Kisah Syekh Tarekat Menginsafkan Pemabuk Berat.
Bisa dibilang, syekh tarekat yang satu ini sangat mobile. Ia hanya berdiam di zawiyahnya maksimal satu bulan. Setelah itu pasti akan rihlah ke negeri-negeri lain selama beberapa bulan, mengunjungi para ulama dan sufi lain, baik yang masih hidup maupun sudah wafat. Demikian lelaku yang ia jalani hingga akhir hayat.
Suatu ketika, ia minta salah satu santrinya untuk mencarikan sopir baru. Yang mahir dan tangguh, terutama untuk perjalanan jauh.

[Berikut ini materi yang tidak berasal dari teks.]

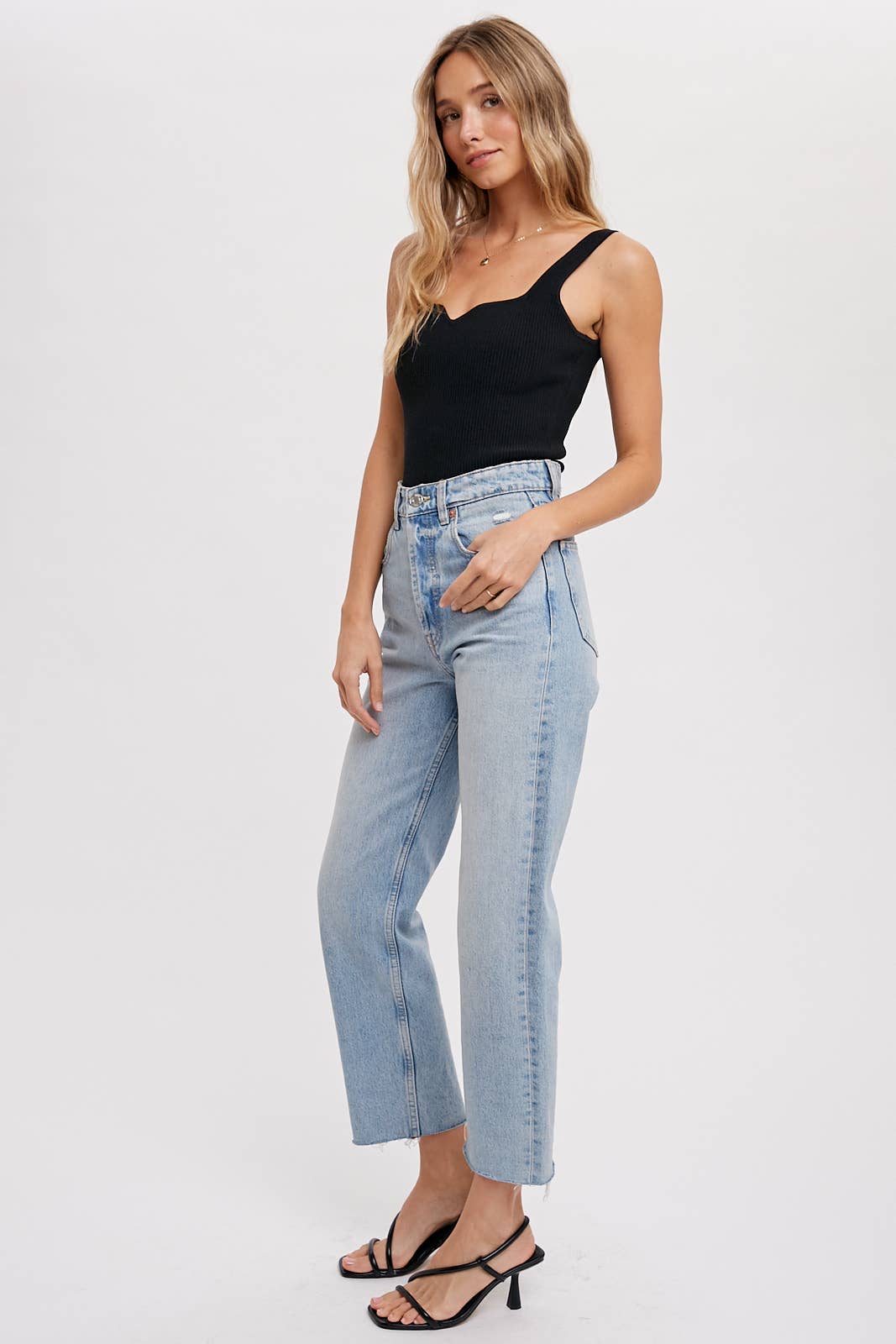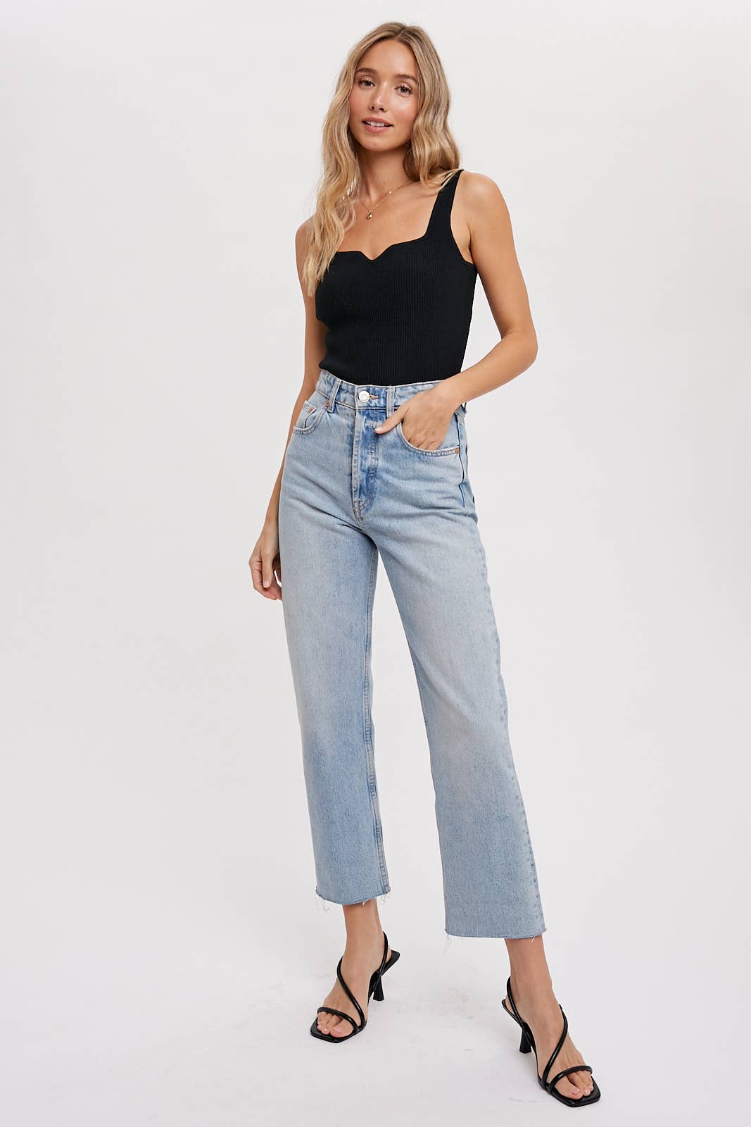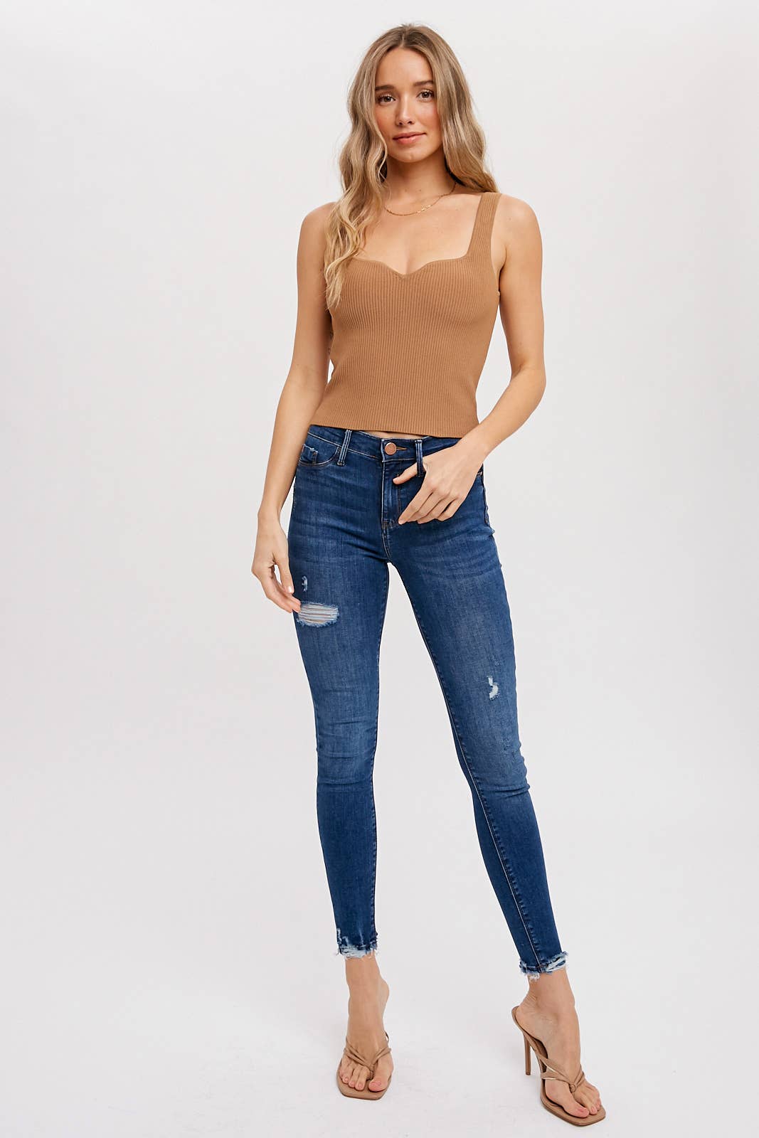 Basic essential tank featuring a ribbed stretch yarn, sweatheart neckline, structured and textural feel, fitted silhouette.

“Ada, Sidi,” sahut santrinya, “Tapi dia tidak pantas jadi sopir Anda.”
“Kenapa?” tanya Syekh.
“Dia suka mabok, dan tinggalnya malah di lokalisasi.”
“Tidak apa-apa.”
Maka pria abangan itupun dihadapkan kepada sang mursyid tarekat. Kemudian didaulat jadi sopir dengan satu syarat; tidak boleh nenggak minuman keras selama berada di sekitar sang syekh. Alasannya sederhana:
“Saya tidak kuat baunya,” tutur ulama itu.
Demikianlah si sopir mengantar sang guru sufi kemanapun pergi. Otomatis ia pun ikut serta hadir majlis zikir, ziarah, pengajian, maulid, khataman Quran, dan lainnya. Meski demikian ia masih tinggal di lokalisasi. Selama itu sang guru sufi tak sekalipun pernah menceramahinya.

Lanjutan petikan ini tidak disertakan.